* _RECORDS FOR THE EXERCISE_:
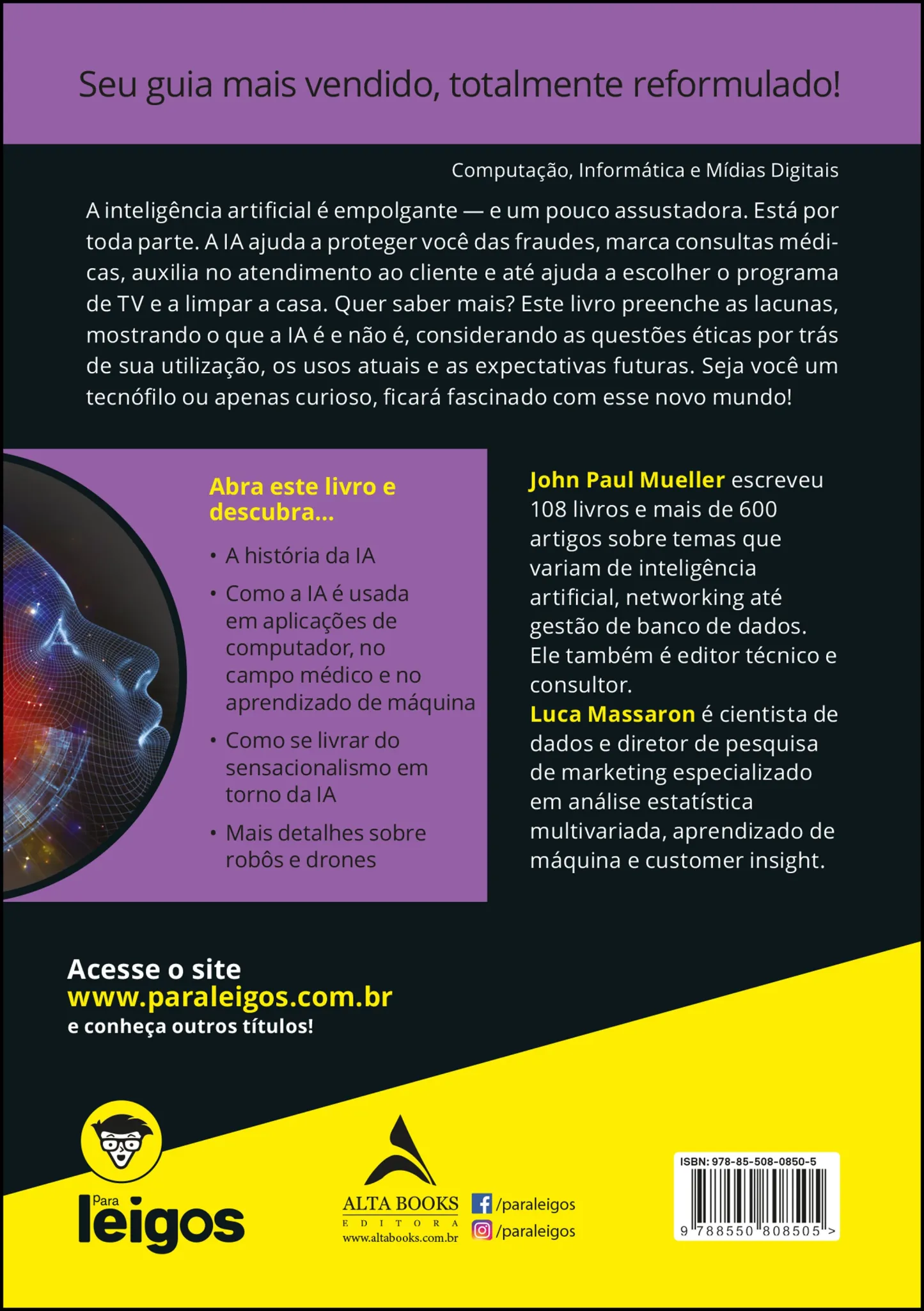 A inteligência artificial é empolgante — e um pouco assustadora. Está por toda parte. A IA ajuda a proteger você das fraudes, marca consultas médicas, auxilia no atendimento ao cliente e até ajuda a escolher o programa de TV e a limpar a casa. Quer saber mais? Este livro preenche as lacunas, mostrando o que a IA é e não é, considerando as questões éticas por trás de sua utilização, os usos atuais e as expectativas futuras. Seja você um tecnófilo ou apenas curioso, ficará fascinado com esse novo mundo!
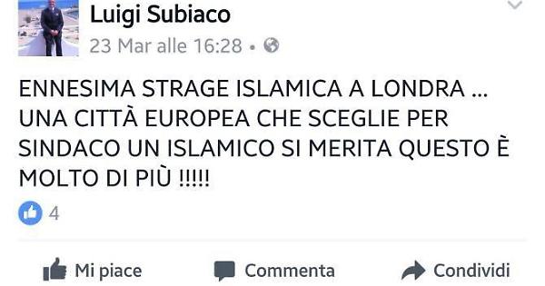 Il bilancio è drammatico. Cinque persone uccise e 40 sono rimaste ferite nell'attentato di mercoledì pomeriggio a Londra, rivendicato poi dall'Isis tramite un'agenzia di stampa. Un'auto impazzita ha investito i pedoni sul ponte di Westminster e l'attentatore, poi ferito a morte, ha ucciso un poliziotto nel tentativo di entrare nel Parlamento inglese. Tutti hanno espresso la doverosa solidarietà al popolo inglese. Ma l'assessore al Bilancio di Pontinia Luigi Subiaco in un post Facebook è andato controcorrente. «Ennesima strage islamica a Londra. Una città europea che sceglie per sindaco un islamico si merita questo e molto di più». Un post sulla scia di quello pubblicato dopo il sisma che ha devastato il centro Italia. «Ai terremotati ci stanno la protezione civile e cittadini comuni volontari perché Esercito, Marina, Carabinieri, polizia, guardia di finanza e coop rosse bianche e verdi sono tutti impegnati nella ricerca affannosa di africani Islamici vari da portare in Italia».
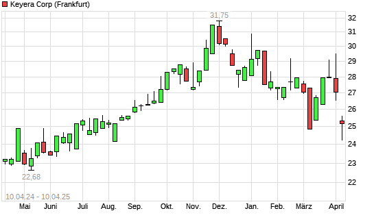 Mit dem Rücksetzer auf 24,26 EUR hat die Keyera-Aktie (ISIN CA4932711001) am 09.04.2025 ein neues 6-Monats-Tief erreicht und damit den Kurs vom 07.03.2025 eingestellt.
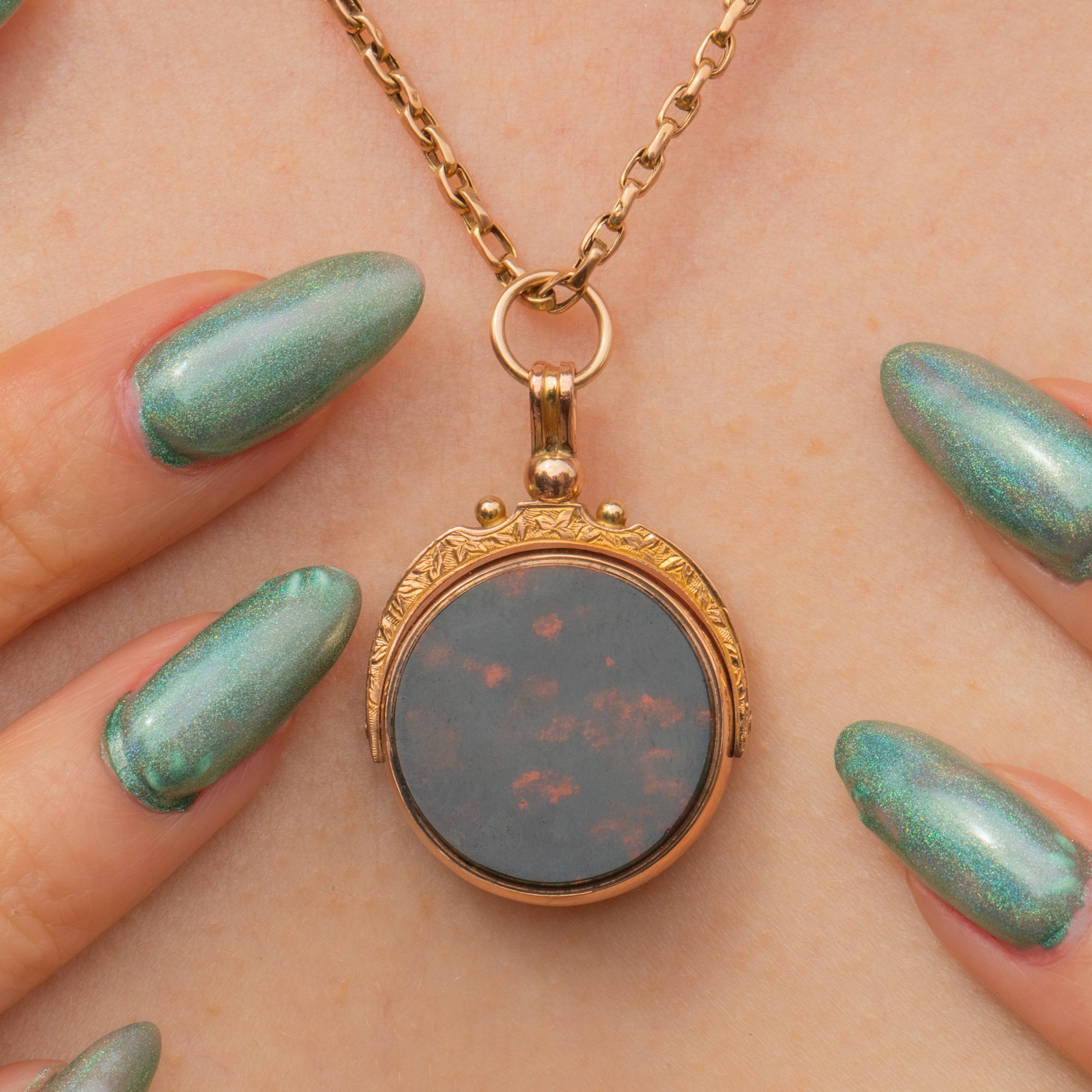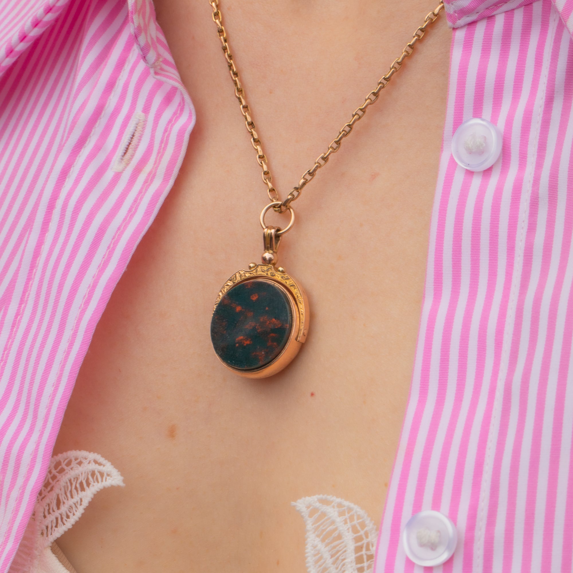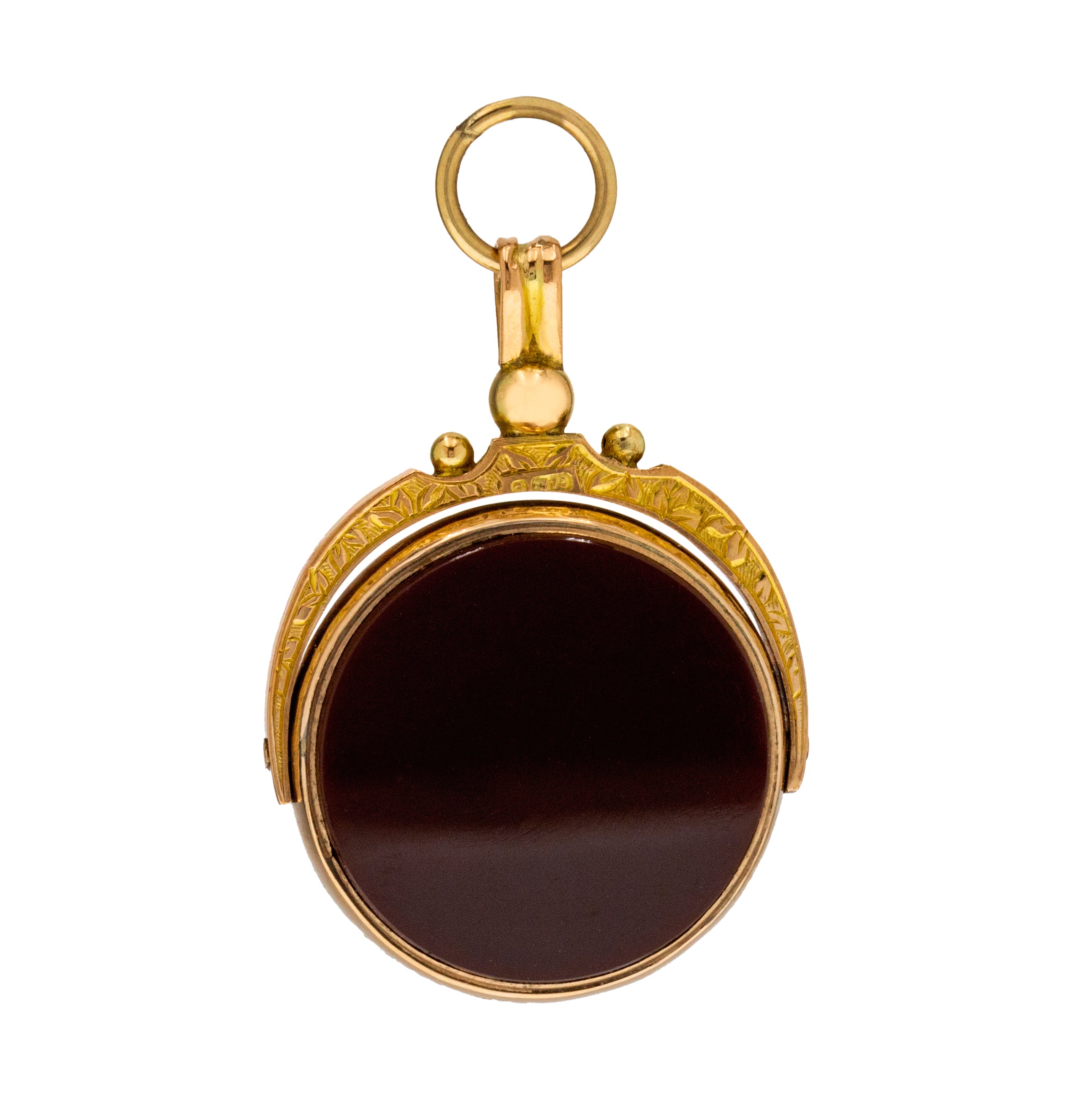 アンティーク 9ct ゴールド ブラッドストーン カーネリアン スイベル フォブ ペンダント
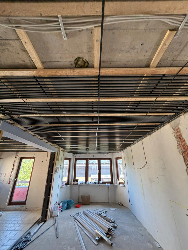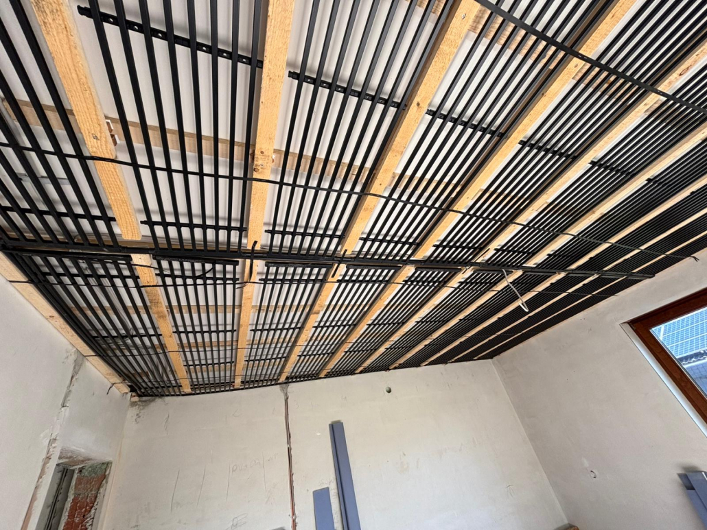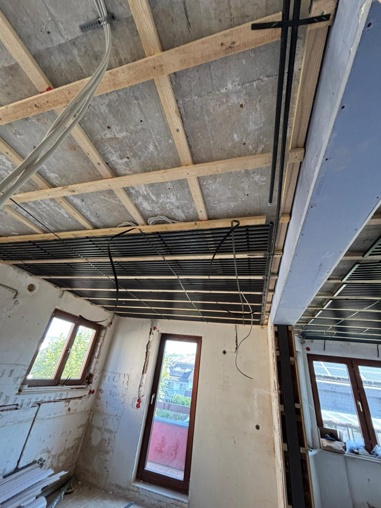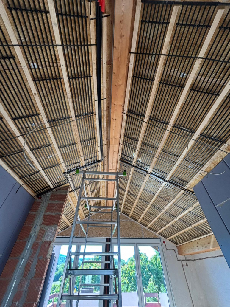 Ein besonderes Highlight ist die zusätzlich eingebaute Deckenheizung, die nicht nur im Winter für eine gleichmäßige und angenehme Wärme sorgt, sondern im Sommer auch zur sanften Kühlung genutzt werden kann. Damit entsteht ein ganzjährig behagliches Raumklima ohne den Einsatz klassischer Klimageräte.
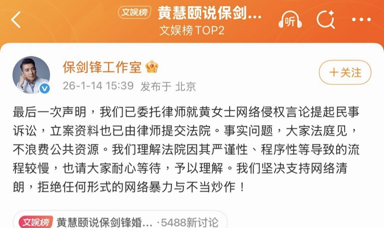对于黄慧颐的指控,保剑锋没有出来对峙和反驳,他选择让团队出来发声,工作室发布了声明,表示已经向法院提起诉讼,要提告黄慧颐女士。
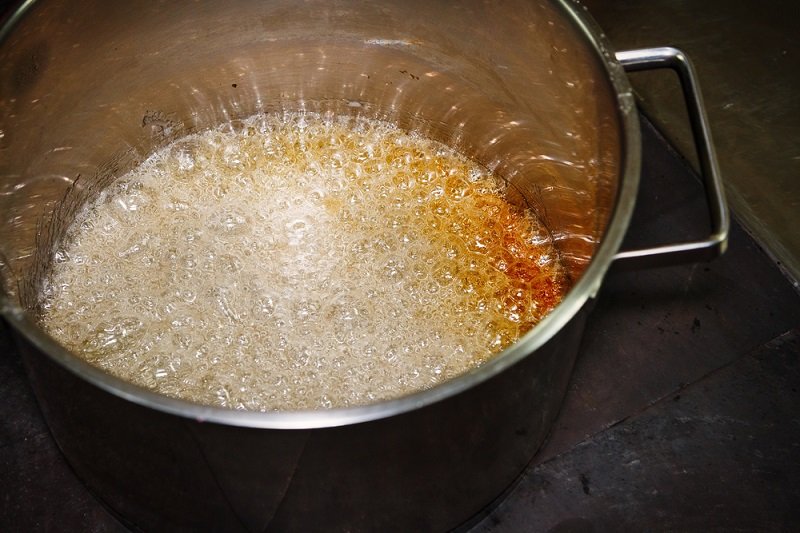 Doprowadzamy do wrzenia i do tak przygotowanego syropu wkładamy śliwki. Na zmniejszonym ogniu gotujemy je półgodziny. Po tym czasie śliwki wyciągamy, a syrop nadal zostawiamy na ogniu i pamiętamy o systematycznym mieszaniu. Gdy tylko zgęstnieje, zostawiamy syrop do ostygnięcia.

* _EXERCISE BRIEF_: In the data above, find the line containing "アンティーク 9ct ゴールド", then output it and every later line exactly, without the pictures.

* _YOUR RESPONSE_:
 アンティーク 9ct ゴールド ブラッドストーン カーネリアン スイベル フォブ ペンダント
 Ein besonderes Highlight ist die zusätzlich eingebaute Deckenheizung, die nicht nur im Winter für eine gleichmäßige und angenehme Wärme sorgt, sondern im Sommer auch zur sanften Kühlung genutzt werden kann. Damit entsteht ein ganzjährig behagliches Raumklima ohne den Einsatz klassischer Klimageräte.
对于黄慧颐的指控,保剑锋没有出来对峙和反驳,他选择让团队出来发声,工作室发布了声明,表示已经向法院提起诉讼,要提告黄慧颐女士。
 Doprowadzamy do wrzenia i do tak przygotowanego syropu wkładamy śliwki. Na zmniejszonym ogniu gotujemy je półgodziny. Po tym czasie śliwki wyciągamy, a syrop nadal zostawiamy na ogniu i pamiętamy o systematycznym mieszaniu. Gdy tylko zgęstnieje, zostawiamy syrop do ostygnięcia.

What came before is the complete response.